Francis Salvador was the first Jewish American to die in service to America. He was the kind of person that Jacob Marcus z”l would have talked about. He was born in England to a family that was Spanish and Portuguese. He left his wife and four children to come to the New World in 1773. He was the first Jew elected to the Provincial Congress in the colonies, and was an advocate for independence. He was also a slave-owner. On July 31, 1776 he was shot in a battle against British loyalists and Cherokees and scalped. He died at age 29.
Salvador could be described in many ways in our age of identity politics. He was an immigrant. A Jew. A revolutionary. A racist slave-owner. A Settler. A politician. An adventurer. A businessman. A father and husband. A soldier. He was all of these things, and none of them.
In this moment in our nation’s history that finds our country more bitterly divided than in my lifetime, and almost as divided as it has ever been in our history, it is worthwhile to remember Salvador, and those like him. The descriptions of those with whom we disagree has degenerated into easy hate-filled epithets but the reality is so much more complex than that.
On Memorial Day, we pause for a moment and to remember those who have given their life for this Republic, and the cost of building and preserving it. Memorial Day began as a day to decorate the graves of those who died in our Civil War. It was meant to remember those of the Confederacy as well as the Union. In life, they were native born and immigrant, Irish and English, German and French, Jew and Christian, pro-slave and anti-slave. Freed slaves and those who had enslaved them. But in death, they were equal. It has been this way since this nation was first imagined. In death, they were, ultimately, Americans.

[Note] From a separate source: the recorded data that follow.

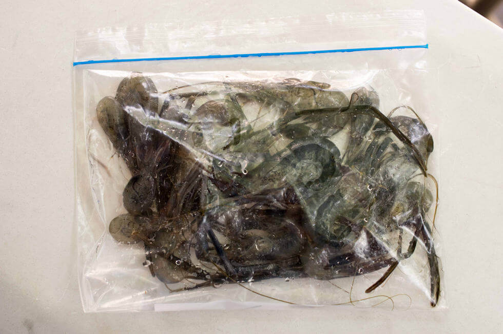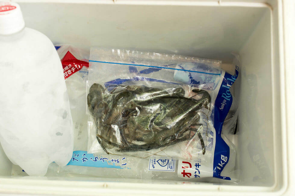 釣りを終えたら水を切り、まずジップバッグなどのビニール袋に収納する。テナガエビの体にある突起で破けることがあるので、気になる場合はビニール袋の上から手拭きタオルで包むとよい。
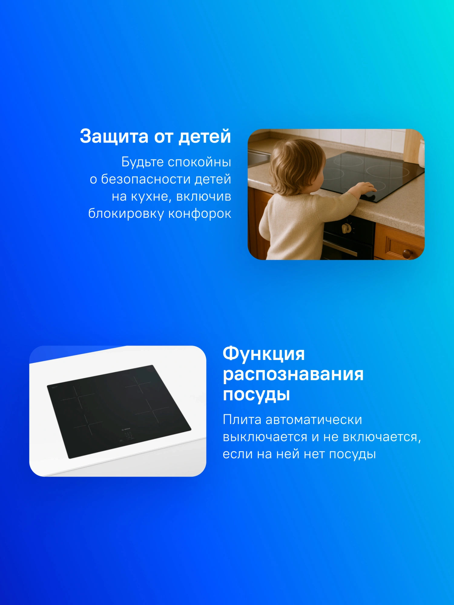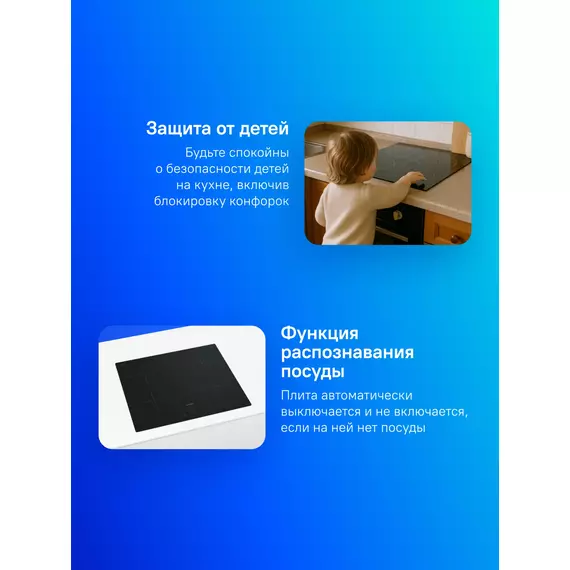 | Безопасность | блокировка управления (защита от детей), защитное отключение, распознавание наличия посуды |
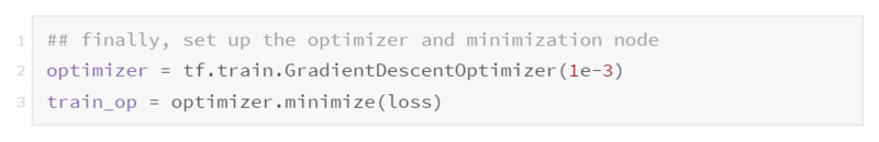 既然你对 Tensorflow 的基本概念已经有了很好的理解,这段代码应该很容易解释!第一行,optimizer = tf.train.GradientDescentOptimizer(1e-3) 不会向图中添加节点。它只是创建了一个 Python 对象,包含了一些有用的函数。第二行 train_op = optimizer.minimize(loss),将一个节点添加到图中,并将一个指针赋给 train_op。train_op 节点没有输出,但有一个非常复杂的副作用:
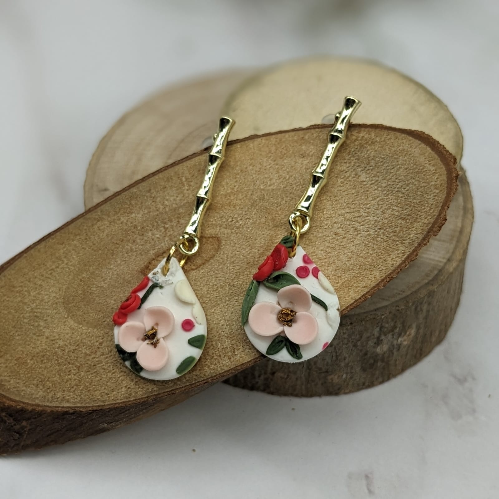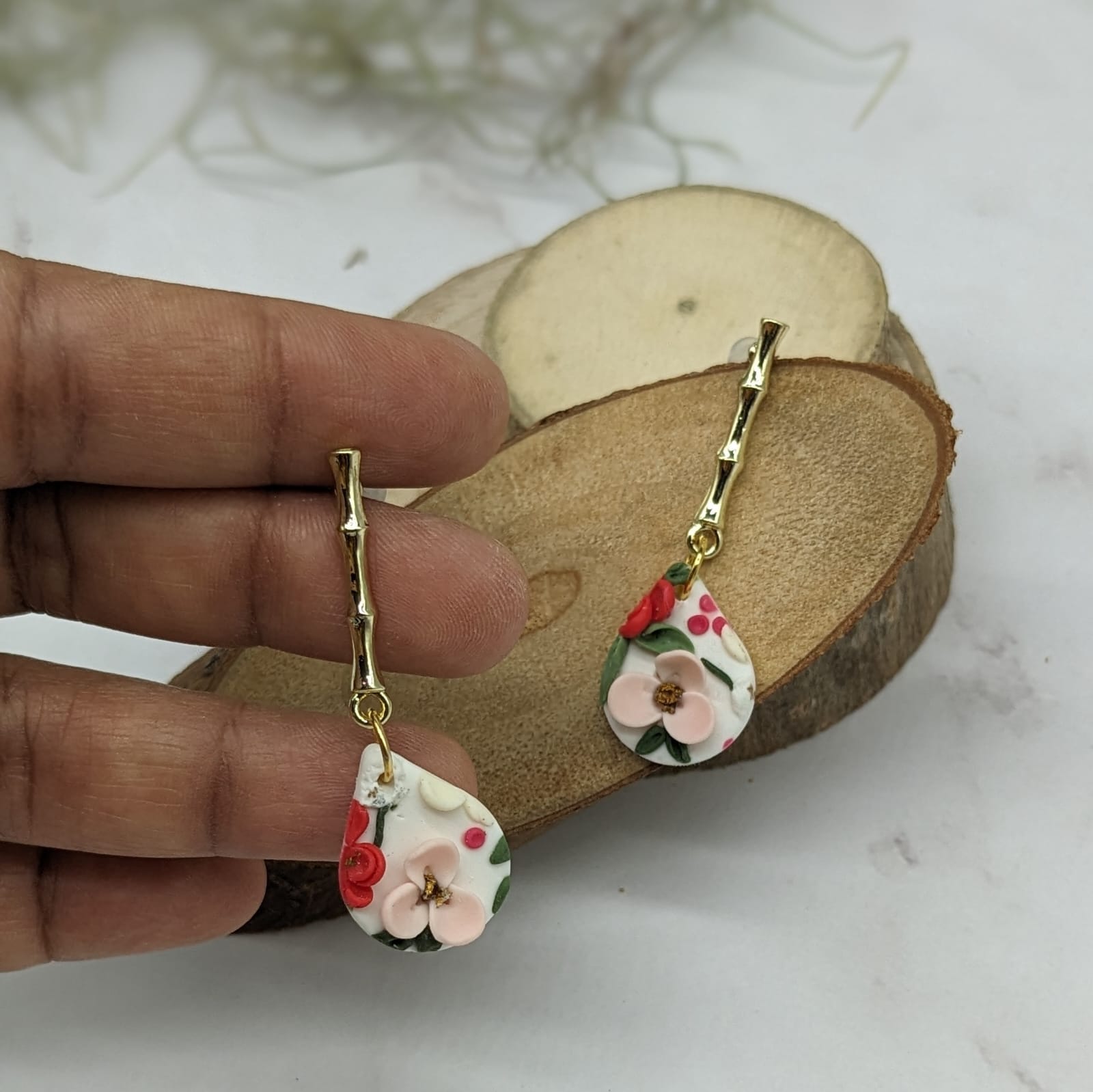 A unique pair of earrings handcrafted in polymer clay attached with gold plated posts. These earrings are perfect for both casual and office wear, adding a touch of elegance to any outfit. They are lightweight and comfortable to wear, making them a must-have accessory for any fashion-forward individual.
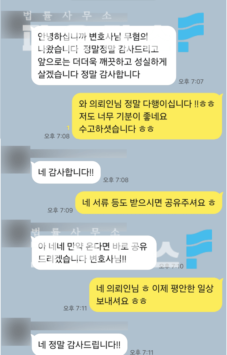 조사를 마친 이후 담당 검사와의 면담을 통해 의뢰인이 B 씨에 대한 답답한 마음에 우발적으로 한 발언일 뿐 성적인 목적이 없었음을 적극적으로 변론하였고 이 같은 내용을 변호인 의견서에 기재하여 제출하며 끝까지 성실한 조력활동을 하였습니다.
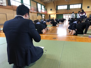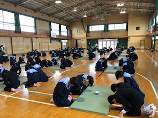 1年生は百人一首大会です。生徒の正々堂々戦う姿に、読み手の教師の姿勢も改まります。
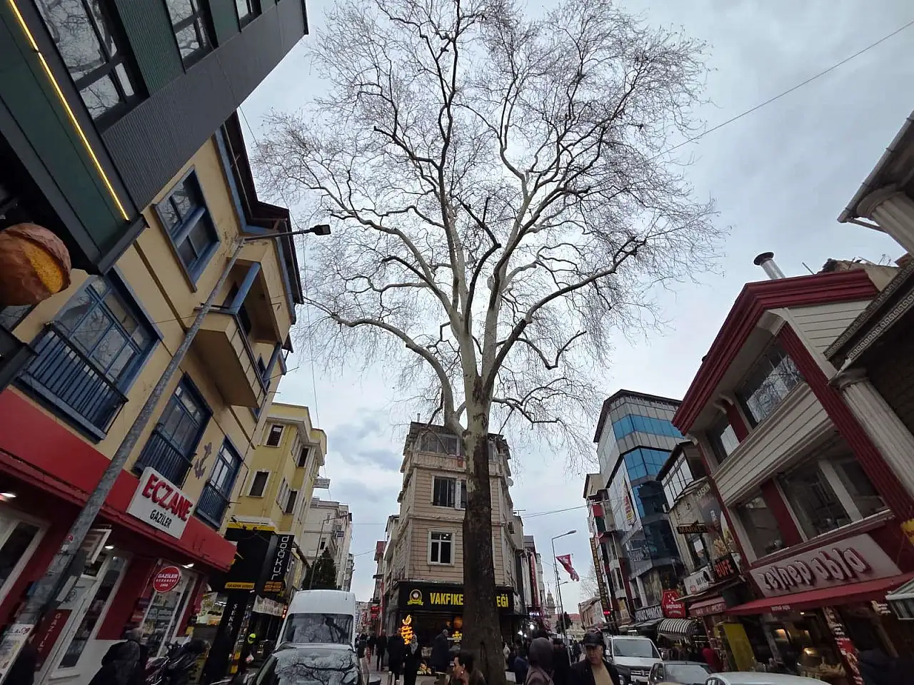 Yaz aylarında vatandaşlara serin bir gölgelik sunan anıt çınar, kış aylarında yapraklarını dökmesine rağmen ihtişamlı görüntüsüyle dikkat çekmeye devam ediyor.
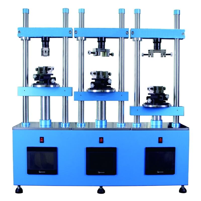 本机采用立式结构,多工位设计,可以同时测试五个产品的产品测试。测试效率高。适用于多种连接器插拔试验之用,采用嵌入式微电脑测控技术,可同时显示插入力、拔出力、实时力值,并具有次数设定,速度行程可调,并且显示速度值、自动归零、单位转算等。马达驱动,丝杆传动,行程设定准确,是市场上性价比高的一款连接器端子接插件插拔力寿命试验机
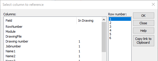 RowNumber – This numeric column can be used to generate several data rows to one drawing file. If the rownumber value is > 0, will be value replaced from the template drawing which is: $ + column name + [rownumber ] + $, for example: $ID[1]$, $ID[2]$, etc.
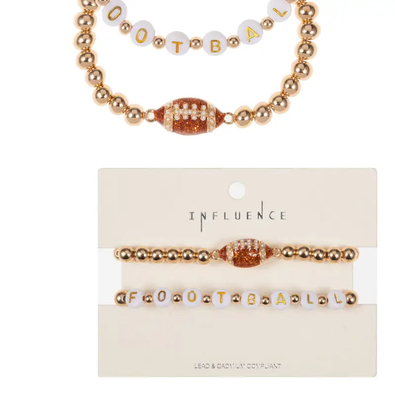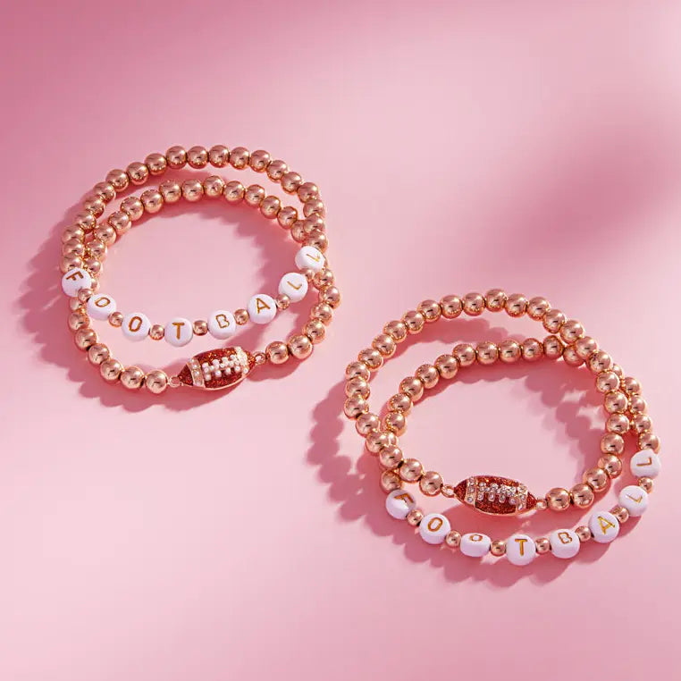 Brown/Gold Gameday Enamel Football Stretch Bracelet Set of 2
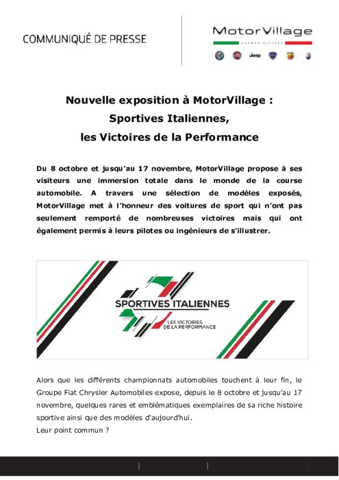 Du 8 octobre et jusqu’au 17 novembre, MotorVillage propose à ses visiteurs une immersion totale dans le monde de la course automobile. A travers une sélection de modèles exposés, MotorVillage met à l’honneur des voitures de sport qui n’ont pas seulement remporté de nombreuses victoires mais qui ont également permis à leurs pilotes ou ingénieurs de s’illustrer.
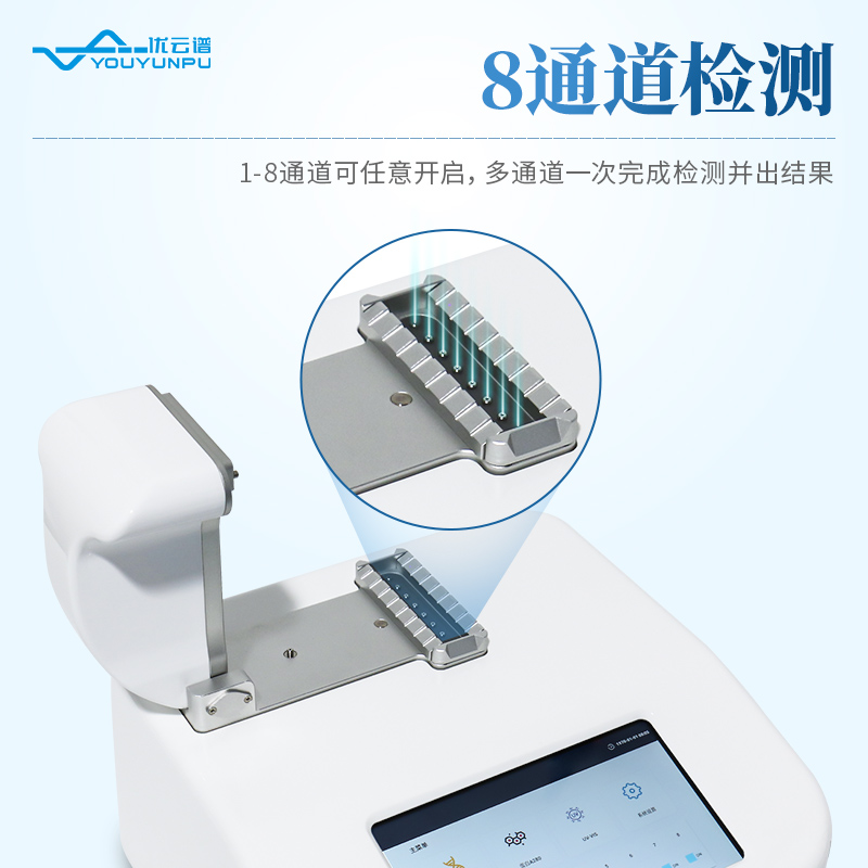 多通道检测:1-8通道可任意开启,多通道一次完成检测并出结果;
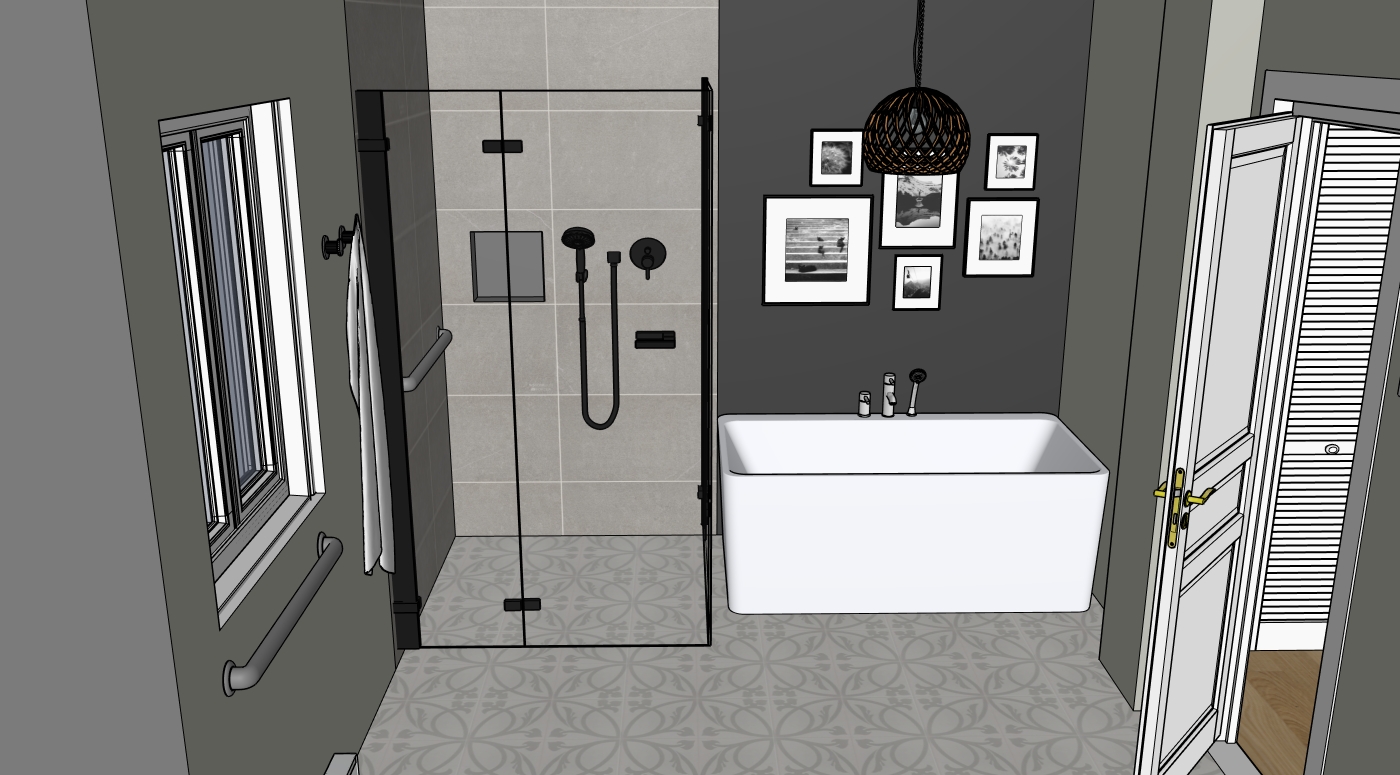 conserver la geometry conserver les couleurs plomberie chrome porte en blanc installer le bain au plancher niche douche gris

If we could all truly appreciate the significance of this, perhaps our political conversations would be more focused on the issues and less on heaping hate on those who disagree with us. The ideal of what America means, and what it could be, has inspired men and women to give their lives for 240 years, since the death of Francis Salvador. For 240 years, America’s sons and daughters have given all for a country governed by law and committed to freedom. It is up to us to decide whether there will be another 240 years to come.
—
Rabbi Steven Ballaban serves as a Chaplain in the United States Navy.